Thailand has become the world's second fastest growing carbon dioxide polluter, but could become an Asian leader in "low-carbon diet" technology, United Nations climate experts say - if the country puts proper policies in place.
Between 1990 to 2004, Thailand ranked 22nd among the world's top emitters of carbon dioxide (CO2), and seventh place in Asia after China, India, Japan, South Korea, Iran and Indonesia, according to the UN Human Development Report 2007/2008 released on Tuesday.
Thailand's CO2 emissions have grown 12.8 per cent over the last 15 years, the second-fastest growth rate worldwide after only Malaysia, which ranked 26 among global carbon dioxide polluters.
Carbon dioxide has been blamed for global warming, whose impact on humanity, especially in the poorest countries, was the focus of the UN's latest Human Development Report.

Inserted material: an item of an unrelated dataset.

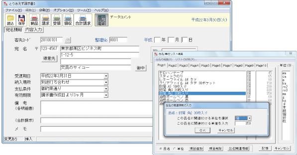 読み込み、納品書・請求書などの帳票に印刷することができます。
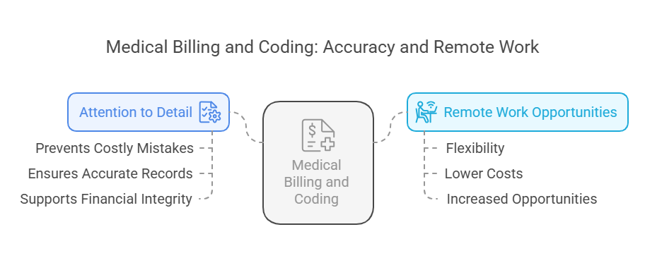 Flexibility to work from home or any location: Remote medical billing and coding positions offer flexibility, allowing professionals to set their own hours and work from anywhere, which is especially beneficial for those with family commitments or those who prefer a home office environment.

"Thailand has the chance to be a leader in the region by increasing energy efficiency while putting in place innovative incentives for alternative energy and incorporating new technologies that reduce carbon emissions," said Gwi-Yeop Son, the UN Development Programme's Thailand representative.

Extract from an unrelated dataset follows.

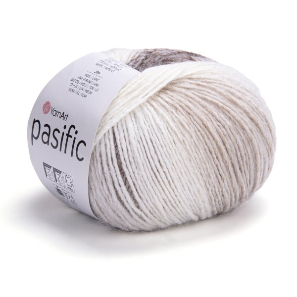 YarnArt Pacific příze 50 g. Pacific je kroucená směsová příze (20% Vlny, 80% Akrylu) ze dvou nití různých barev, které tvoří melír - jedna nit hlavní barvy a druhá nit ve vzhledu tzv. melanické batiky. Výsledkem je velmi originální zbarvení příze. Příze Pacific je krásně měkká a nekousavá, obsažená vlna dokonale zahřeje, přídavek akrylu pomáhá zachovat stálost tvaru a barvy výrobku. Tato příze má široké uplatnění zvláště při výrobě hřejivých oděvů a módních doplňků, jako jsou svetry, cardigany, vesty, ponča, plédy, šály, čepice, rukavice.Tato příze je atestována TZÚ pro děti do 3 let.

The UNDP will be advising developing countries at international meeting on climate change in Bali next month to start cutting the CO2 emissions through a variety of measures, including carbon taxes, by providing incentives for alternative energy sources and encouraging investment and local research in fast-growing sector.
"If Thailand wants to get ready for cutting emissions then it better embrace these new technologies to create new industries here," said Martin Krause, UNDP regional climate change advisor. "Thailand could establish itself as a hub for other countries in Asia, to become a leader in the production of clean technologies, not just as a recipient," said Krause.
Thailand is one of the many developing Asian countries that is likely to be hard hit by global warming if the average world temperature increases by more than 2 degrees centigrade by 2050, according to scientists' predictions.
For instance, Oxfam and Greenpeace earlier this month predicted that an increase of just 1 degree Celsius in night-time temperatures during the growing season will reduce Asian rice yields by 10 per cent.
Thailand and other developing countries have been urged to reduce their CO2 emissions by 20 per cent by the year 2050, when the developed countries should cut their emissions by 80 per cent, according to the goals set by the Intergovernmental Panel on Climate Change.